- Berber Location in Sudan
- Coordinates: 18°01′50″N 33°59′36″E﻿ / ﻿18.03056°N 33.99333°E
- Country: Sudan
- State: River Nile

Population (1989)
- • Total: 16,650

= Berber, Sudan =

Berber (بربر) is a town in the River Nile state of northern Sudan, 50 km north of Atbara, near the junction of the Atbara River and the Nile.

==Overview==
The town was the starting-point of the old caravan route across the Nubian Desert to the Red Sea at Suakin and flagged in importance after the 1906 completion of a spur of the Sudan Military Railway to Suakin from a junction closer to the Atbara River.

English explorer Samuel Baker passed through Berber on his discovery of Albert Nyanza Lake, in 1861.

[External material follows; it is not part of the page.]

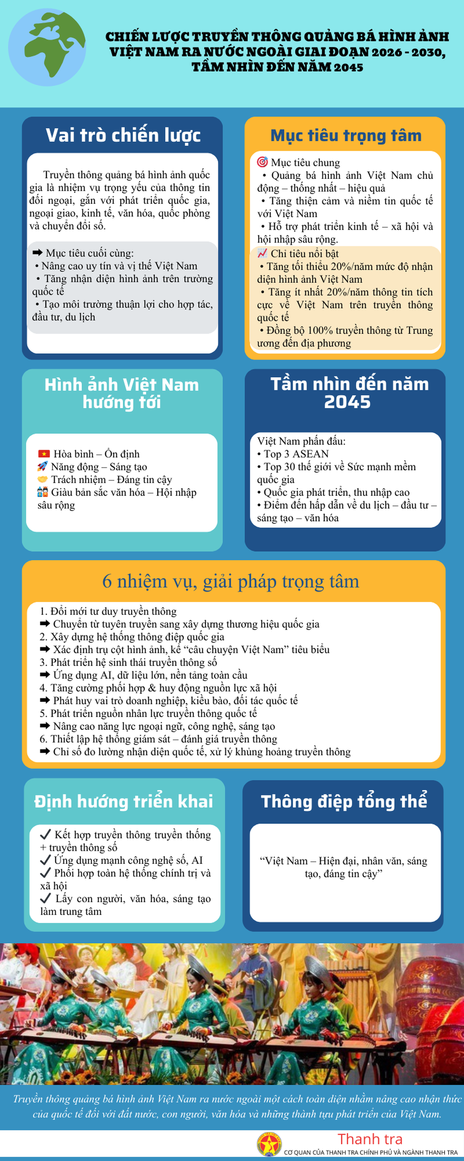 (Thanh tra) - Trong bối cảnh hội nhập quốc tế sâu rộng, Việt Nam triển khai chiến lược truyền thông quốc gia giai đoạn 2026–2030, tầm nhìn 2045 nhằm nâng cao uy tín, vị thế và sức cạnh tranh quốc gia, đồng thời lan tỏa hình ảnh đất nước hòa bình, sáng tạo, giàu bản sắc tới cộng đồng quốc tế.

== Artistic interpretation ==
In his December 2023 illustrated essay titled "Between Wakefulness and Dreams in Sudan", Sudanese art curator Rahiem Shadad wrote about the artistic photographic work of photographer Hassan Kamil, who was born and brought up in Berber. According to Shadad, a significant part of Kamil's work is dedicated to exploring the town's neglect, while also highlighting its often overlooked beauty and richness. Shadad interpreted the images in the context of the country's economic and social disparities, displacement by the civil war that started in 2023, and the previous decades of Islamist rule under Omar al-Bashir.